Creates a pipeline function that builds and updates a market correlation graph from multiple feeds. Injects network statistics into ctx.params.
import horizon as hz

def network_aware_quoter(ctx):
    net = ctx.params.get("network")
    if net is None:
        return []

    centrality = net.get("centrality", 0.0)
    community_size = net.get("community_size", 1)

    # Markets with high centrality and large communities
    # are more connected -- use tighter spreads
    if centrality > 0.5 and community_size > 3:
        spread = 0.03
    else:
        spread = 0.05

    return hz.quotes(fair=ctx.feed.price, spread=spread, size=5)

hz.run(
    name="network_mm",
    markets=["trump-win"],
    feeds={
        "trump": hz.PolymarketBook("trump-token"),
        "harris": hz.PolymarketBook("harris-token"),
        "senate": hz.PolymarketBook("senate-token"),
        "house": hz.PolymarketBook("house-token"),
    },
    pipeline=[
        hz.market_network(
            feeds=["trump", "harris", "senate", "house"],
            lookback=500,
            threshold=0.2,
            target_feed="trump",
        ),
        network_aware_quoter,
    ],
)
ParameterTypeDefaultDescription
feedslist[str]requiredFeed names to include in the network
lookbackint500Number of observations to retain per feed
thresholdfloat0.2Minimum correlation for graph edges
target_feedstrNoneFeed to compute centrality for.
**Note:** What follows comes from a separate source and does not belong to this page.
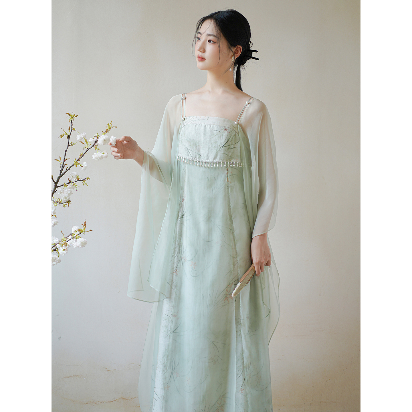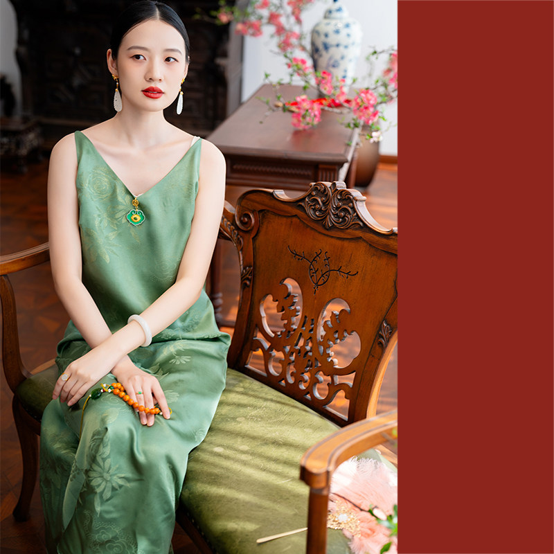 Chucian new Chinese Hanfu dress women's 2025 summer Chinese style wide sleeve jacquard green temperament strappy long skirt

None = first feed.
param_namestr"network"Key in ctx.params

Injected Parameters

KeyTypeDescription
ctx.params["network"]["centrality"]floatTarget market’s betweenness centrality
ctx.params["network"]["degree"]intTarget market’s edge count
ctx.params["network"]["community_size"]intSize of the target market’s community
ctx.params["network"]["density"]floatOverall graph density
ctx.params["network"]["n_communities"]intTotal number of detected communities

Example: Full Network Analysis

import horizon as hz

# Build correlation graph from historical returns
market_ids = ["trump", "harris", "senate", "house", "fed"]
returns = [ret_trump, ret_harris, ret_senate, ret_house, ret_fed]

graph = hz.build_correlation_graph(market_ids, returns, threshold=0.15)

# Extract MST backbone
mst = hz.minimum_spanning_tree(graph)
print("MST structure:")
for e in mst.edges:
    print(f"  {e.source} -- {e.target} (corr={e.weight:.3f})")

# Detect communities
communities = hz.detect_communities(graph, resolution=1.0)
for c in communities:
    print(f"Community {c.id}: {c.members}")

# Contagion analysis
risk = hz.contagion_risk(graph, source_market="trump", shock_size=0.15)
print(f"\nContagion from trump shock:")
for mkt, impact in sorted(risk.impacts.items(), key=lambda x: -x[1]):
    print(f"  {mkt}: {impact:.4f}")

Mathematical Background

The correlation distance d(i,j) = sqrt(0.5 * (1 - corr(i,j))) maps correlations to a proper metric space. Perfectly correlated assets have distance 0; uncorrelated assets have distance sqrt(0.5) ~ 0.707; perfectly anti-correlated assets have distance 1. This metric satisfies the triangle inequality.
The Louvain algorithm optimizes modularity Q = sum over communities [e_c - (a_c)^2], where e_c is the fraction of edges within community c and a_c is the fraction of edge endpoints in c. The algorithm iteratively moves nodes between communities to maximize Q, then aggregates communities and repeats.
Contagion risk is modeled as a breadth-first propagation through the correlation graph. At each hop from the source, the shock is attenuated by the decay factor and scaled by the edge correlation. Markets reachable through multiple paths receive the maximum impact from any single path.